Baron Cohen could easily have found what he seeks closer to home. He is, after all, from Europe, where synagogues are torched and cemeteries desecrated in a revival of anti-Semitism — not "indifference" to but active — unseen since the Holocaust. Where a Jew is singled out for torture and death by French-African thugs. Where a leading Norwegian intellectual — et tu, Norway? — mocks "God's Chosen People" ("We laugh at this people's capriciousness and weep at its misdeeds") and calls for the destruction of Israel, the "state founded . . . on the ruins of an archaic national and warlike religion."


Yet, amid this gathering darkness, an alarming number of liberal Jews are seized with the notion that the real threat lurks deep in the hearts of American Protestants, most specifically Southern evangelicals. Some fear that their children are going to be converted; others, that below the surface lies a pogrom waiting to happen; still others, that the evangelicals will take power in Washington and enact their own sharia law.


This is all quite crazy. America is the most welcoming, religiously tolerant, philo-Semitic country in the world. No nation since Cyrus the Great's Persia has done more for the Jews. And its reward is to be exposed as latently anti-Semitic by an itinerant Jew looking for laughs and, he solemnly assures us, for the path to the Holocaust?
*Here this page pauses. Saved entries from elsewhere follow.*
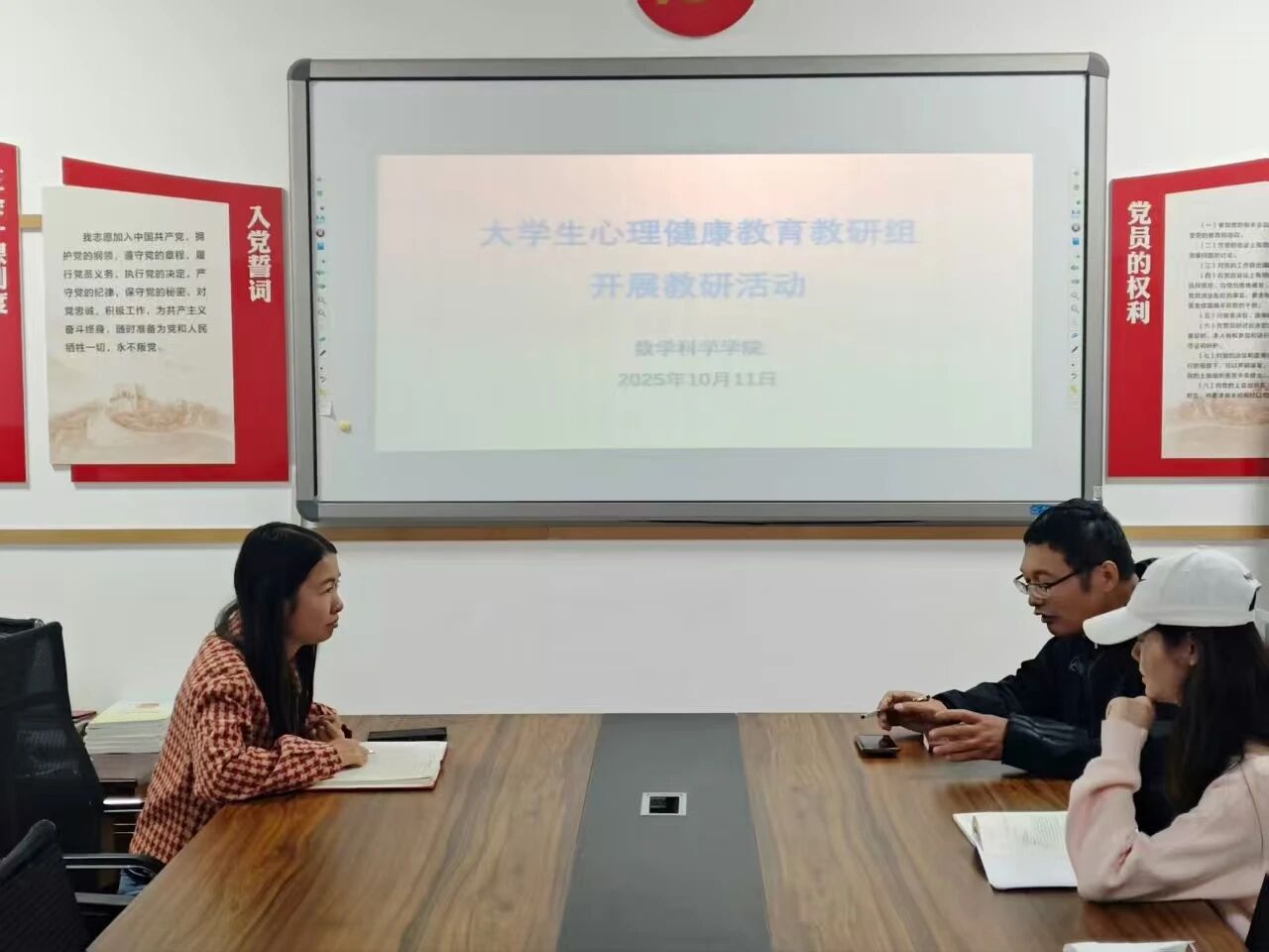 新的学期已经拉开序幕,为进一步提升《大学生心理健康教育》课程任课教师的教育教学能力,激励教师不断探索心理课堂教学艺术和课堂教学的有效性,10月11日上午,色情小说 大学生心理健康教育教研组在11号楼B304室组织开展教研活动,教研组全体教师参加活动。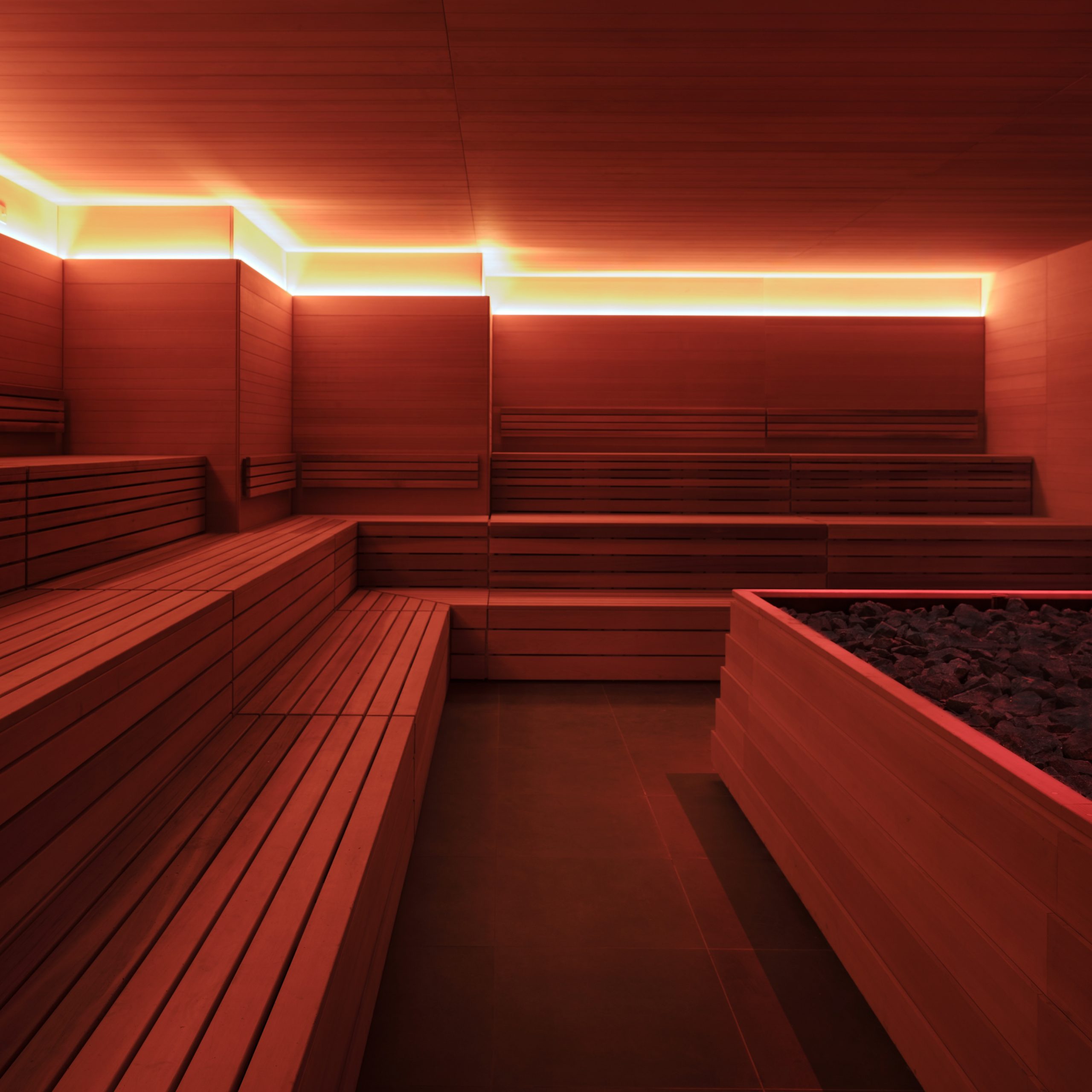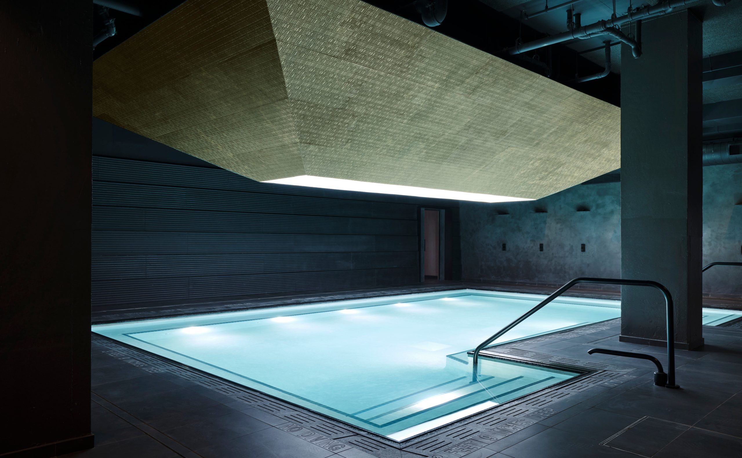 Upon entering the Bathhouse Flatiron lobby, guests are met by a transformative design. At 35,000 square feet, the space was converted from an underground parking garage into a contemporary bathhouse featuring a variety of amenities. Day pass guests can use six pools: 2 cold plunges, 2 hot pools, 1 neutral pool and 1 salt pool as well as three saunas and a steam room. The dry sauna is 800 square feet and can seat nearly 100 people, while the Russian-style Banya features variegated slate quarried in Vermont.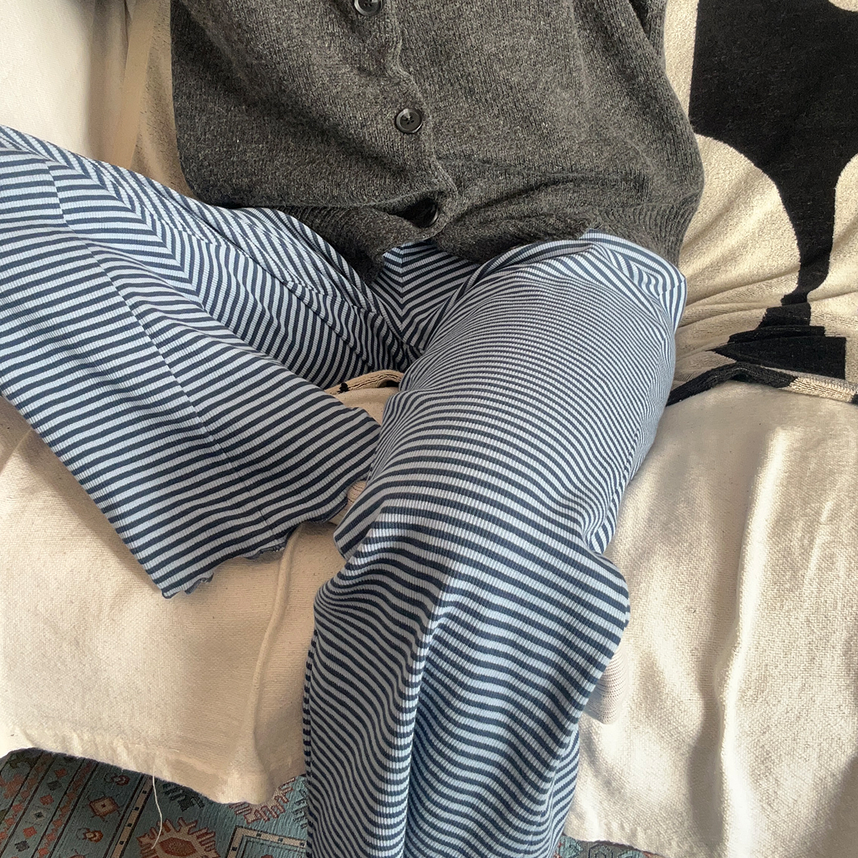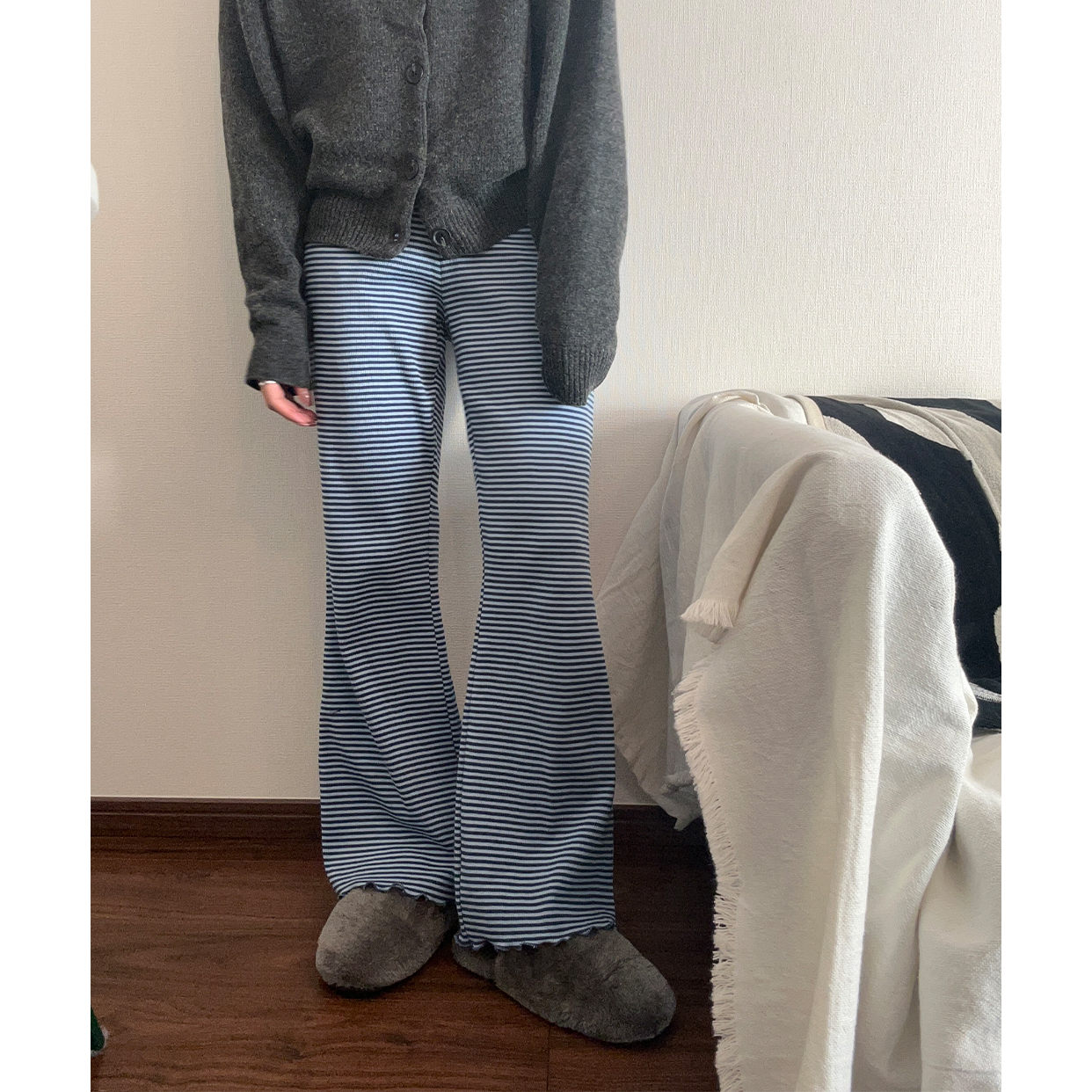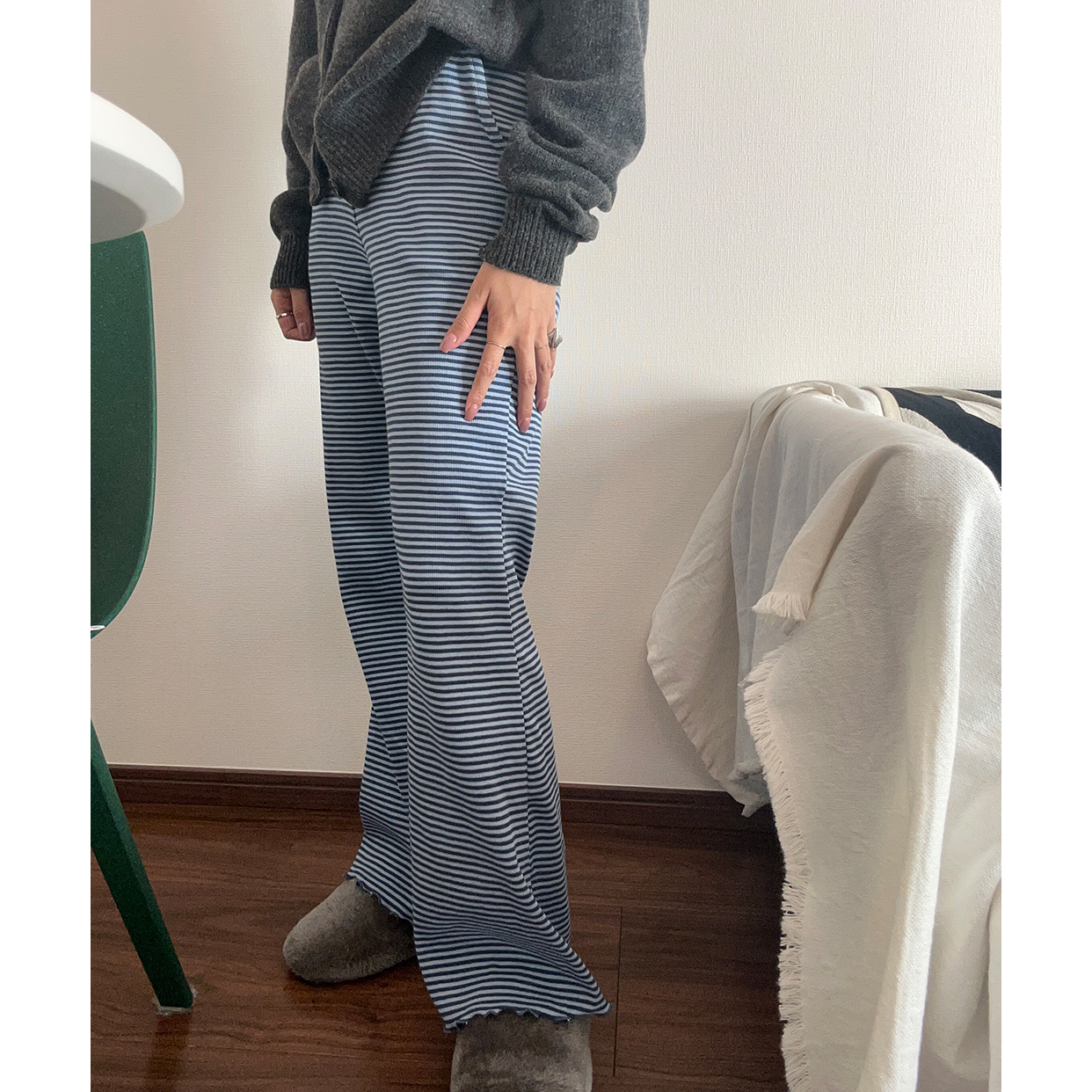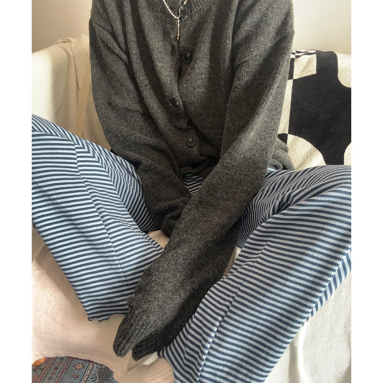 ボーダースリムコットンパンツ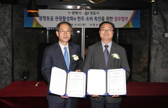 정읍시 양심묵 부시장과 광명시 이춘표 부시장은 지난 7일 광명와인동굴에서 ‘광명동굴 관광활성화와 한우 소비촉진을 위한 업무협약’을 체결했다.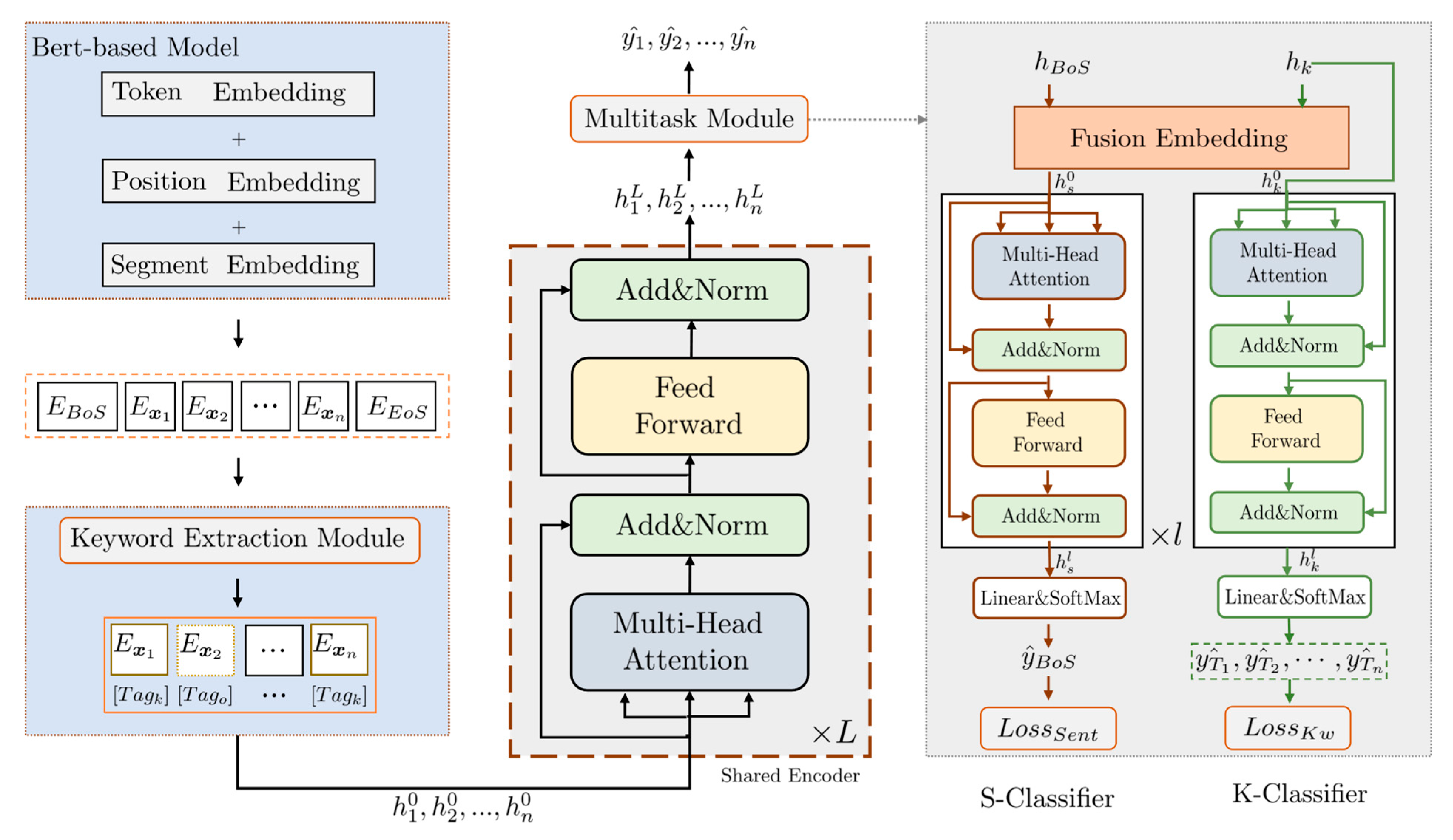 • Fusion and Classification Module (Section 3.2.3): Integrates sentence and keyword embeddings through a fusion strategy, which are then processed by task-specific classifiers to produce the final summary. The system is optimized using a multi-task objective function (Section 3.4) that jointly addresses sentence selection accuracy and keyword identification.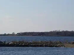 Hog Island is an American island in Narragansett Bay in Rhode Island. It lies at the entrance to the harbor of Bristol and is part of the town of Portsmouth. The 60 ft (18 m) tall Hog Island Shoal Lighthouse stands off the south end, warning ships of the dangerous shoals around the island. It has a land area of approximately 0.3 sq mi (78 ha; 190 acres), making it the fifth-largest island in Narragansett Bay. It is home to a small summer vacation colony, with no regular year-round residents, and there are approximately 100 homes on it.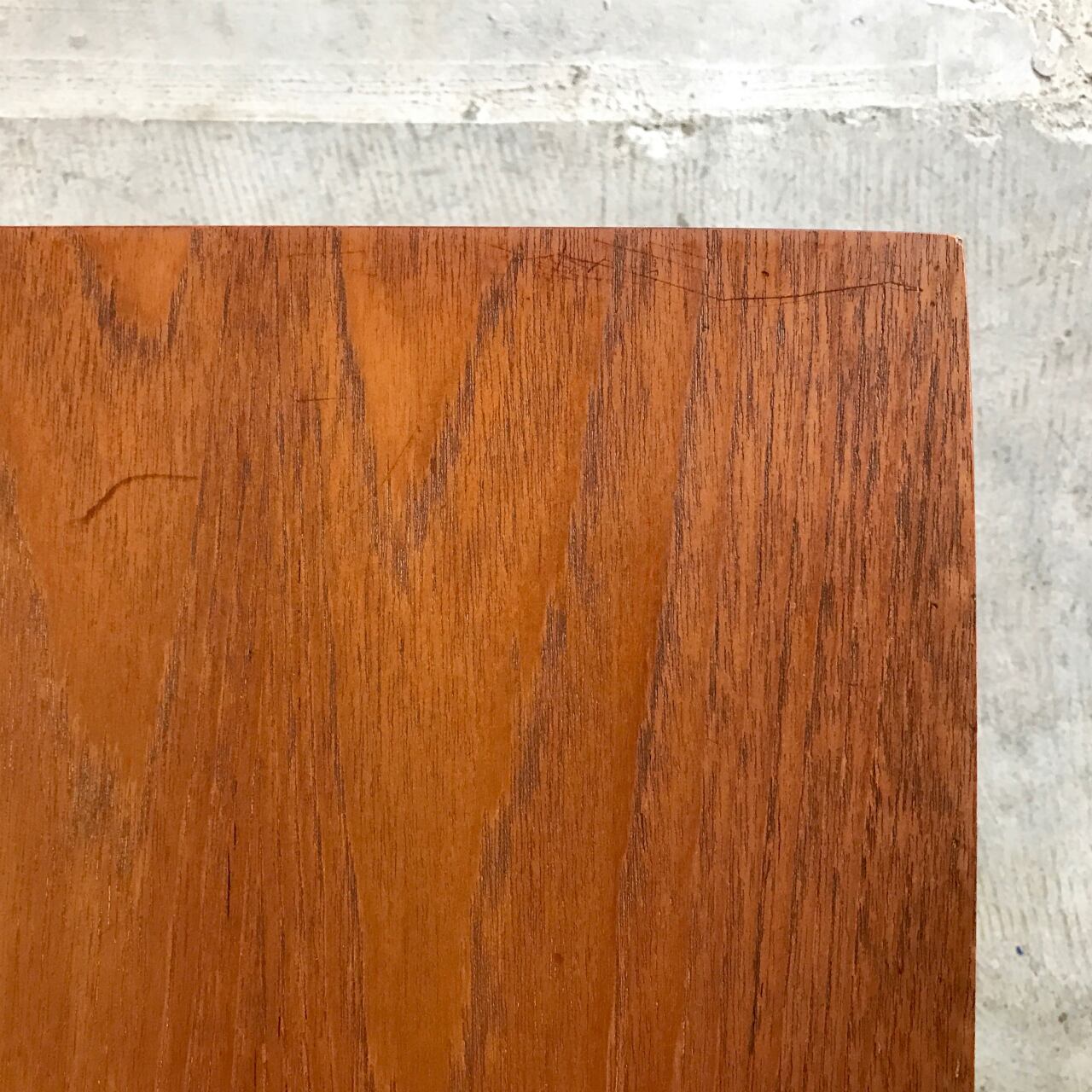 無垢チーク材の脚に反りが出ています。画像をご確認ください。

Look. Harry Truman used to tell derisive Jewish jokes. Richard Nixon said nasty things about Jews in government and elsewhere. Who cares? Truman and Nixon were the two greatest friends of the Jews in the entire postwar period: Truman secured them a refuge in the state of Israel, and Nixon saved it from extinction during the Yom Kippur War.


It is very hard to be a Jew today, particularly in Baron Cohen's Europe, where Jew-baiting is once again becoming acceptable. But it is a sign of the disorientation of a distressed and confused people that we should find it so difficult to distinguish our friends from our enemies.